Everything from the line holding "Radar plot representing" to the last line of the material below must be retyped exactly, minus any pictures.

#### Supplied material:
******************************

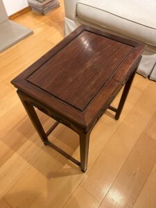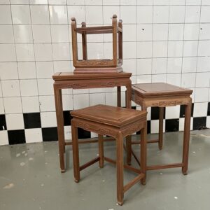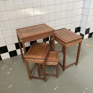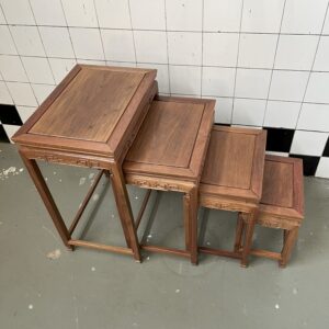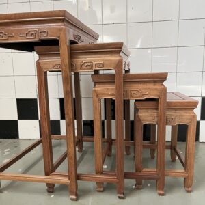Conjunto de quatro mesas de encaixar, chinesas, em madeira maciça de pau-rosa.
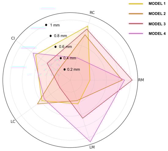 Radar plot representing the distances (in mm) from the analog-mounted model for each reference point (RM, RC, CI, LC, LM) across the four digitally mounted models.
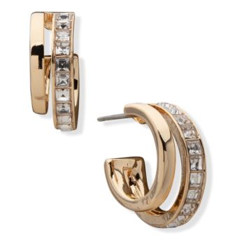 Classic pavé crystal hoops are enhanced by a gold-tone highlight to create an edgy and sophisticated double hoop earring from Anne Klein. Pierced.

******************************

#### Result of this exercise:
 Radar plot representing the distances (in mm) from the analog-mounted model for each reference point (RM, RC, CI, LC, LM) across the four digitally mounted models.
 Classic pavé crystal hoops are enhanced by a gold-tone highlight to create an edgy and sophisticated double hoop earring from Anne Klein. Pierced.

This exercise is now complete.